[INFORMATION SUPPLIED — start]
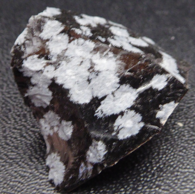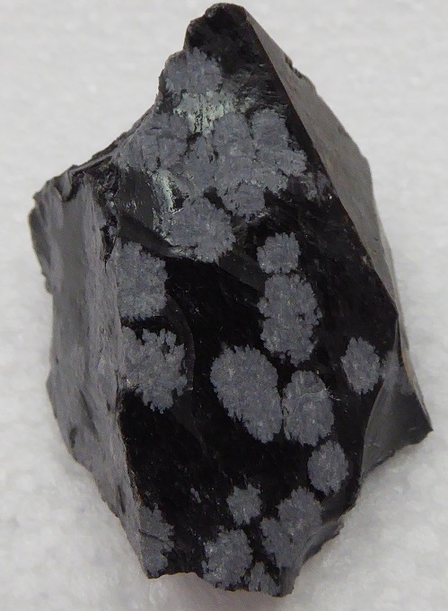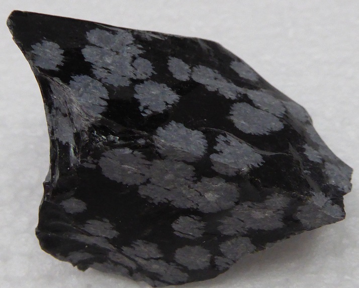 | OBSIDIENNE mouchetée / Black Spring, désert des roches noires, Millard Co., Utah, USA / Belle pièce montrant des mouches blanche dans de l'obsidienne noire. Ces mouches sont composées de cristobalite. | Disponible |
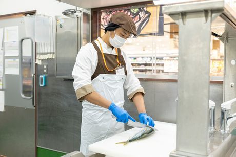仕事内容 ・お客様の「日常」を彩る仕事。 地域密着型スーパーで、 生鮮部門の未来を創りませんか? ・大手企業で安心・安定、 キャリアアップも目指せる! ・ゆくゆくは、部門長として マネジメントする立場を 目指していただきます! <クスリのアオキについて> 当社は、過去10年間で店舗数を 約4.8倍、売上高を約5.6倍に伸ばし、 業界トップクラスの成長率を誇っています。 その成長の原動力は、「ヘルス・ビューティー・ライフ・フード・調剤」 を融合させた独自の店舗づくり。お客様からは「アオキに行けば、一度に全ての買い物が済む」と大変好評をいただいており、 高齢化や過疎化が進む地域において、そのニーズはますます高まっています。 2026年までに1200店舗体制の実現を目指し、更なる事業拡大を推進するため、 当社の強みである生鮮部門の運営を 支えていただける新たなメンバーを募集します。 <社員区分別の特徴について> ■リージョナル社員 条件:本拠地から車で片道4時間以内 (高速道路を含む)のエリアで転勤可能な方 特徴:転勤の範囲に制限あり!社宅制度あり!引越費用不要! ※入社後、毎年1回ライフイベントに 合わせて働き方の変更申請が可能です! <主な仕事内容> まずは現場のお仕事から慣れて頂き、 その後は売場の管理からキャリアアップを目指してください。 -調理- お刺身のパック詰めやシャリにネタを乗せる などの簡単な軽作業や魚を捌いて切り身や、 刺身に加工するお仕事をお願いします。 働いているうちに魚をさばく技術が身につきますよ! (魚を〆る作業工程はございません) -商品の陳列/売り場管理- 豊富な商品を取り揃えた状態を保てるように、 品薄になってきた商品をその都度補充します。 -商品の発注/管理- チラシの掲載商品や季節商品などがあれば、 多めに発注できるように調整します。 -従業員の教育- お仕事に慣れてきたら他の従業員の方への マネジメント・売場管理をお願いしております! 【1日のスケジュール例と身につくスキル】 7:00 出勤し、日切れ商品チェック →値引廃棄管理のスキルが身につきます! 7:30 魚をさばき、切り身、刺身に加工 →捌き方、切り方、包丁の使い方、研ぎ方などのスキルが身につきます! 8:30 商品の陳列 9:00 お寿司製造、品出し →丸魚1匹から切身・刺身・寿司の調理・販売方法が覚えられます。 基本調理技術・商品知識は経験を積むことで年々上がります。 12:00 お昼休み(1時間しっかり休憩◎) 13:00 売場メンテナンス 15:00 品出し・発注 →売上・仕入れ・利益・人時生産性・人時売上高など店舗運営の基本が学べます! 16:00 退勤!残業ほぼなし! 【入社時期は、あなたのライフスタイルに合わせて決定!】 「すぐに働きたい!」「在職中なので、転職は数カ月先を考えている」 など、入社時期調整は柔軟に対応します。
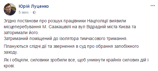 "Согласно постановлению о розыске работники Нацполиции обнаружили местонахождение Саакашвили на ул Отрадной города Киева и задержали его. Задержанный помещен в изолятор временного содержания. Планируются следственные действия и обращения в суд об избрании меры пресечения. Как и обещали, силовики сделали все, чтобы избежать крайних силовых действий и крови", - написал Луценко в Facebook.
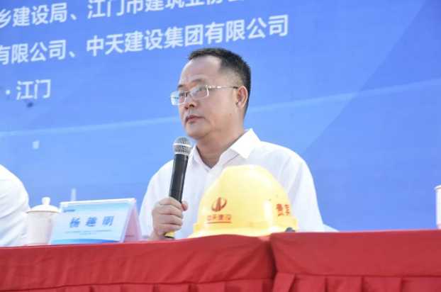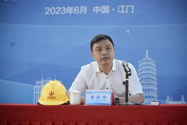 台山市政府党组成员、四级调研员杨趣明为本次活动做开场致辞。中天建设集团有限公司总裁闫新宇围绕安全生产管理,分享了企业在党建引领、安全标准化管理、施工全过程数字化管理、标准建造、绿色建造方面的经验。
[INFORMATION SUPPLIED — finish]
For this exercise, repeat word for word only the lines from the one containing "Луценко в Facebook." through the end of the data, including both. Pictures do not go in the copy.

 "Согласно постановлению о розыске работники Нацполиции обнаружили местонахождение Саакашвили на ул Отрадной города Киева и задержали его. Задержанный помещен в изолятор временного содержания. Планируются следственные действия и обращения в суд об избрании меры пресечения. Как и обещали, силовики сделали все, чтобы избежать крайних силовых действий и крови", - написал Луценко в Facebook.
 台山市政府党组成员、四级调研员杨趣明为本次活动做开场致辞。中天建设集团有限公司总裁闫新宇围绕安全生产管理,分享了企业在党建引领、安全标准化管理、施工全过程数字化管理、标准建造、绿色建造方面的经验。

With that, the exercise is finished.